Enzymy to białka, które działają w celu obniżenia energii aktywacji w reakcjach chemicznych, a jednocześnie nie są zużywane w reakcji. Biologicznie enzymy są niezbędnymi cząsteczkami, które przyspieszają reakcje w układach metabolicznych. W rezultacie kinetyka enzymów bada szybkość reakcji enzymów w różnych warunkach chemicznych. Na szybkość działania enzymu wpływa wiele czynników. Stężenie substratu, temperatura, inhibitory i pH wpływają na próg enzymu w reakcji chemicznej. Za pomocą zależności liniowych, takich jak wykres Lineweavera-Burka, możesz znaleźć maksymalną szybkość enzymu.
Łatwość obliczania Vmax na wykresie Lineweaver-Burk
Zacznij od wykreślenia równania Michaelisa-Mentena, aby uzyskać krzywą hiperboli. Następnie użyj odwrotności równania Michaelisa-Mentena, aby uzyskać formę przecięcia nachylenia aktywności enzymu. Następnie uzyskasz szybkość aktywności enzymu jako 1/Vo = Km/Vmax (1/[S]) + 1/Vmax, gdzie Vo jest szybkością początkową, Km jest stała dysocjacji między substratem a enzymem, Vmax to maksymalna szybkość, a S to stężenie podłoże.
Ponieważ równanie przecięcia nachylenia odnosi się do stężenia substratu, można użyć typowego wzór na y = mx + b, gdzie y jest zmienną zależną, m jest nachyleniem, x jest zmienną niezależną, a b jest przecięcie y. Przed konkretnym oprogramowaniem komputerowym do rysowania linii używano papieru milimetrowego. Teraz do wykreślenia równania używasz typowego oprogramowania bazodanowego. Znając więc początkową szybkość Vo i różne stężenia substratu, możesz stworzyć linię prostą. Wykres liniowy przedstawia nachylenie Km/Vmax i punkt przecięcia y 1/Vmax. Następnie użyj odwrotności punktu przecięcia y, aby obliczyć Vmax aktywności enzymu.
Zastosowania wykresu tkacza-Burka
Inhibitory zmieniają maksymalną szybkość aktywności enzymu głównie na dwa sposoby: kompetycyjnie i niekonkurencyjnie.
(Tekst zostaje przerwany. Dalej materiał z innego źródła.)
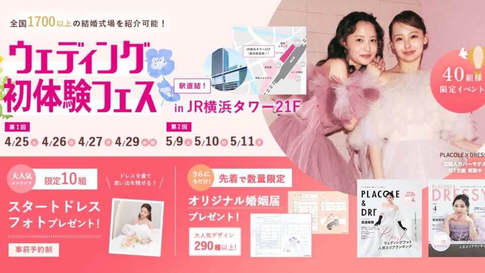 「PLACOLE & DRESSY」ブランドを展開する冒険社プラコレ(本社:神奈川県鎌倉市、代表取締役CEO:武藤功樹)は、横浜駅直結JR横浜タワー21F、ウェディングの魔法にかかる空間"DRESSY ROOM YOKOHAMA"にて、4/25(土)~4/27(月)4/29(祝)限定で、これから結婚式をお考えのカップル様に向けた、個室相談やウェディングドレス試着ができる豪華特典付きのウェディング初体験フェスを開催いたします。(40組様限定、無料開催)
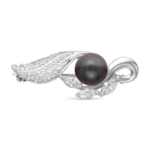 Брошь из серебра с черной речной жемчужиной 8,5-9 мм, (4424)
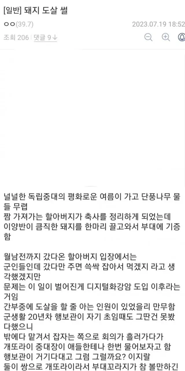 다른 커뮤니티에서 돼지잡은 글을 읽고 옛날생각이 나서 써봅니다.
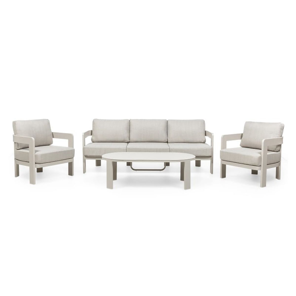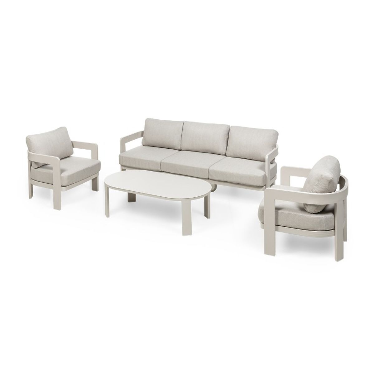 Ensemble de jardin Japori en aluminium beige clair avec formes arrondies. .. plus

Inhibitor kompetycyjny wiąże się z miejscem aktywacji enzymu blokującego substrat. W ten sposób inhibitor konkuruje z substratem o wiązanie się z miejscem enzymu. Dopuszczenie wysokiego stężenia inhibitora kompetycyjnego zapewnia wiązanie z miejscem. Zatem konkurencyjny inhibitor zmienia dynamikę szybkości enzymatycznej. Po pierwsze, inhibitor modyfikuje nachylenie i przecięcie X km, tworząc znacznie bardziej strome nachylenie. Jednak maksymalna szybkość, Vmax, pozostaje taka sama.
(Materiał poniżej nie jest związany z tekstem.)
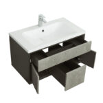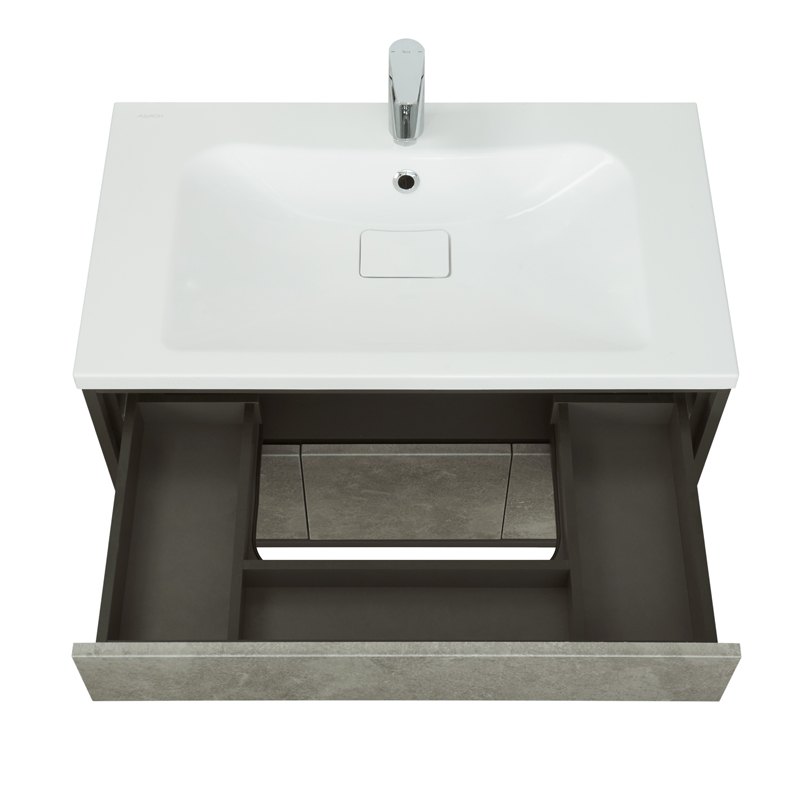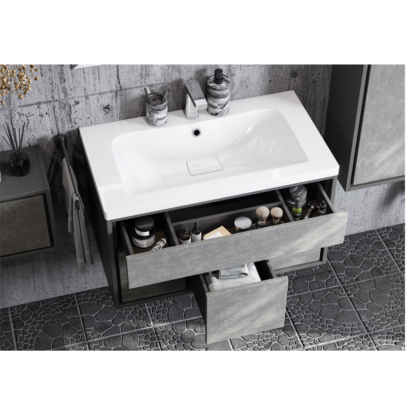 Подвесная тумба Уэльс 80 от AQUATON в стиле лофт создана для истинных ценителей индустриального шика. Глубокий благородный цвет фасадов авеллино грей в сочетании с внутренней отделкой в оттенке тёмный шоколад придаёт модели актуальное звучание, отражая эстетику современной роскоши. Корпус из влагостойкой ЛДСП и фасады из МДФ покрыты матовой пленкой. Отсутствие лицевой фурнитуры подчеркивает сдержанный лаконичный дизайн модели. Тумба предлагает оптимальную систему организации пространства: два вместительных ящика, верхний и центральный, выдвигаются простым нажатием благодаря удобной системе push-to-open, а справа и слева за фасадами-створками скрыты дополнительные отсеки для хранения.

Z drugiej strony, niekonkurencyjny inhibitor wiąże się w innym miejscu niż miejsce aktywacji enzymu i nie konkuruje z substratem. Inhibitor modyfikuje składniki strukturalne miejsca aktywacji, zapobiegając wiązaniu się substratu lub innej cząsteczki z miejscem. Ta zmiana wpływa na powinowactwo substratu do enzymu. Inhibitory niekonkurencyjne zmieniają nachylenie i punkt przecięcia y wykresu Lineweaver-Burk, zmniejszając Vmax, jednocześnie zwiększając punkt przecięcia y z bardziej stromym nachyleniem. Jednak przecięcie osi X pozostaje takie samo. Chociaż wykres Lineweaver-Burk jest przydatny pod wieloma względami, wykres liniowy ma ograniczenia. Niestety, wykres zaczyna zniekształcać wskaźniki przy bardzo wysokich lub niskich stężeniach substratu, tworząc ekstrapolacje na wykresie.